The answer to that one question would give away the whole franchise, hmm?

…Do you see it? The way these little clues all seem to fit together? Did J.K. Rowling reveal that Gellert Grindelwald is actually a “fantastic beast” himself, which is why Dumbledore specifically recruited a world-class magizoologist to fight him?

If Newt’s particular set of wizard skills are relevant to this fight, what else would he be fighting but a fantastic beast? But what kind of beast though? An Animagus is still a witch or wizard, and Aurors can fight werewolves like Fenrir Greyback, so it’s very unlikely Grindelwald is either of those. If only Rowling had just introduced us to a totally different way for a human to turn into a deadly creature…

That’s right, we think Grindelwald once suffered from the male equivalent of a Maledictus curse (Rowling specified Maledictuses are always women), one he used Dark Magic to not only cure, but control.

We know Nagini will one day align herself with a Dark Wizard.

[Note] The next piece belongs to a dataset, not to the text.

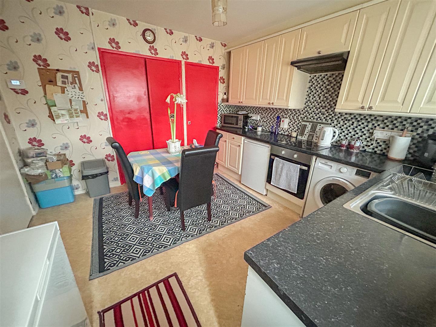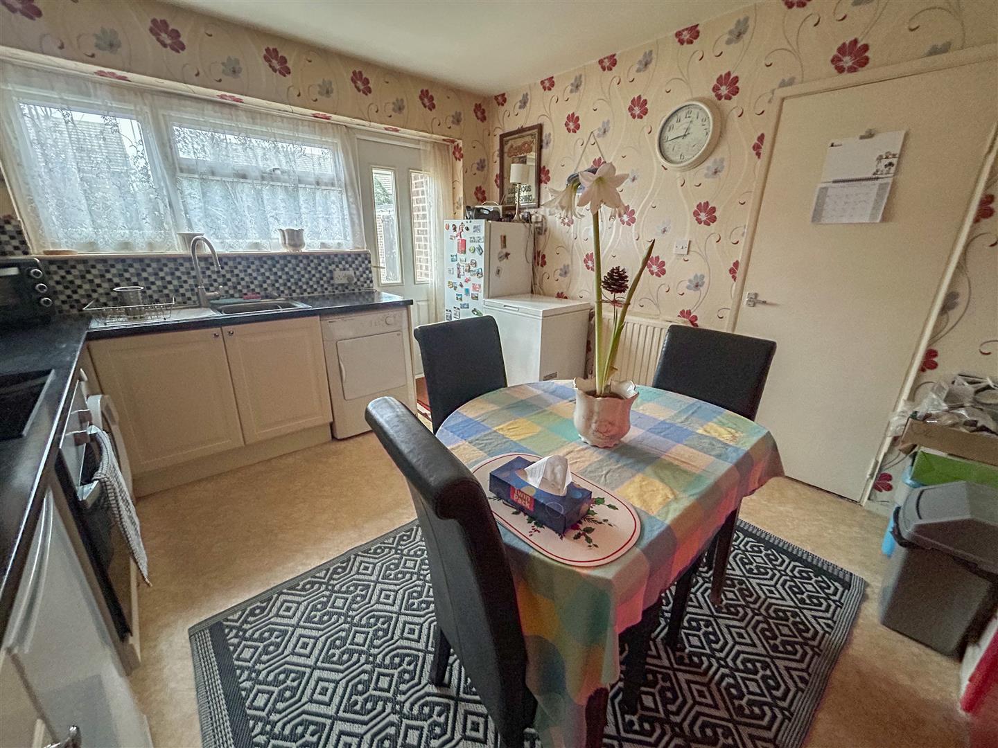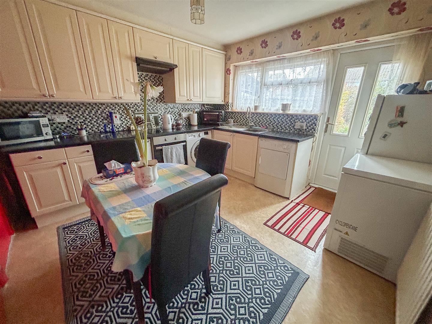 Fitted with a range of panel fronted units. Comprises laminated rolled edge work surfaces with cupboards and drawers below. Range of matching wall mounted units. Inset single drainer stainless steel sink unit with mixer tap. Space and plumbing for washing machine and tumble dryer. Plumbing and space for dishwasher (currently used as undercounter fridge space). Additional tall fridge and single chest freezer space. Tiled splash backs. Inset four ring ceramic electric hob with fitted under counter electric oven and extractor hood above (all appliances not tested). Wall mounted cupboard housing gas boiler providing hot water and central heating system (not tested. Boiler installed February 2023). Radiator. Built in double storage cupboard. Additional built in storage cupboard. Double glazed window overlooking rear garden. Double glazed door to rear garden.
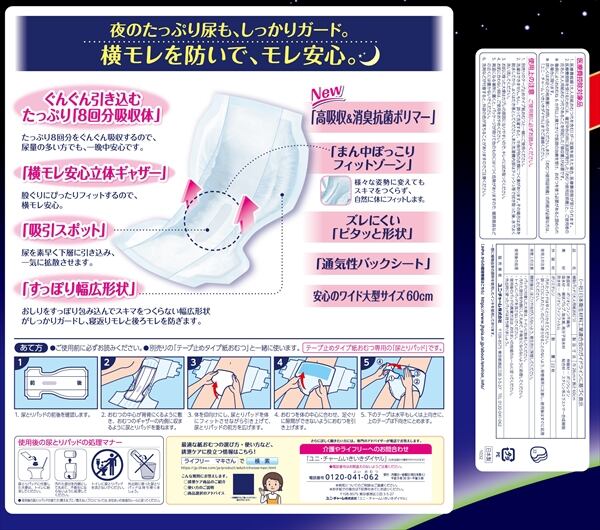 ■【説明】:たっぷり8回分をぐんぐん吸収するので、尿量の多い方でも一晩中安心な尿とりパッドです。

Could this be why she went down that path in the first place, because she turned to Grindelwald to save her from the very fate he avoided? Is this why she remained loyal to Voldemort, because her only hope to escape was the most powerful, sisnister Dark Magic?

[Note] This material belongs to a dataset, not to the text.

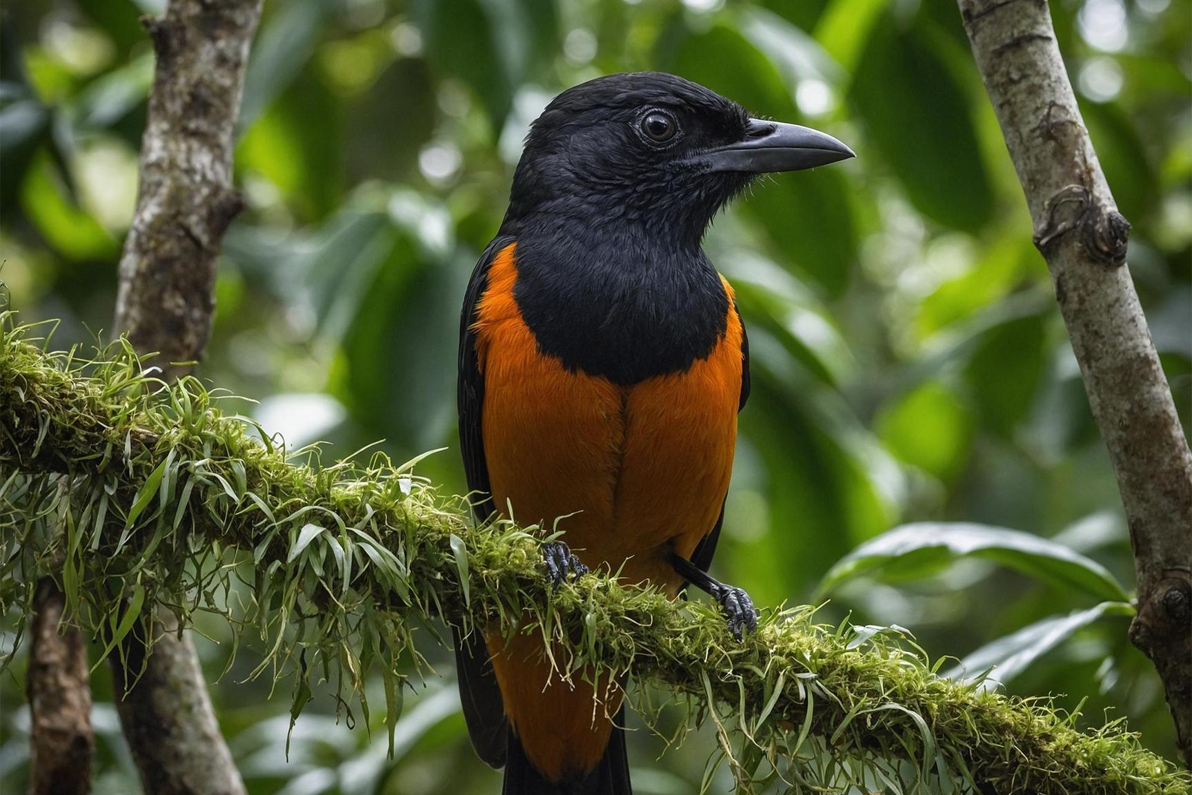 وفي ظهيرة أحد الأيام الرطبة، لاحظ طائرا غير عادي بجسم برتقالي لامع كضوء الشمس، ورأس وأجنحة وذيل مغطى باللون الأسود، عالقا في واحدة من الشباك الضبابية الدقيقة التي أقامها بين الأشجار للإمساك بطيور الجنة، لكن بينما كان يحاول تحريره من الشبكة، خدشه الطائر.

If true, this would also partially explain why Grindelwald was enamored with an older Obscurial in the first film (which turned out to be Credence and not his sister). Grindelwald would already have firsthand experience about the power one can obtain by mastering an otherwise uncontrollable ability–having an Obscurial who survived adolescence and learned to use their Obscurus at will under his control would be an incredible ally.

We might already know what creature Grindelwald was destined to turn into as well, arguably the most dangerous of them all: a dragon. The trailers have featured Grindelwald conjuring up blue flames, which we have also seen in other shots form a :bum bum bum: dragon.

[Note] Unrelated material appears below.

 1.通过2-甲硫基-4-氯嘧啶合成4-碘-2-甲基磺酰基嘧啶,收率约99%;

One of the most common questions viewers had after the first movie was how four more sequels would fit under the Fantastic Beasts moniker. Yes, Newt wrote the famous book of the same name, and the first movie involved many magical creatures, but it was clear the story was heading to a much more personal, human story. What would any of that have to do with a bunch of animals? If this theory proves true, that the franchise’s main villain Gellert Grindelwald is actually a dangerous, fantastic beast himself (whose true powers we probably still won’t fully understand after this film), it would explain a lot more than just that. No one will be asking why Dumbledore turned to Newt, why Grindelwald turned to Credence, or why Nagini turned to Voldemort.

And if we’re right, J.K. Rowling won’t have to worry about writing that essay. She just needed to give us the right clues to do it for her.

What do you think? Is Grindelwald an actual fantastic beast? Does he share the an affliction like Nagini’s? Is that why Dumbledore needed Newt to stop him? We want to hear all of your thoughts in the comments below on this theory.

Images: Warner Bros.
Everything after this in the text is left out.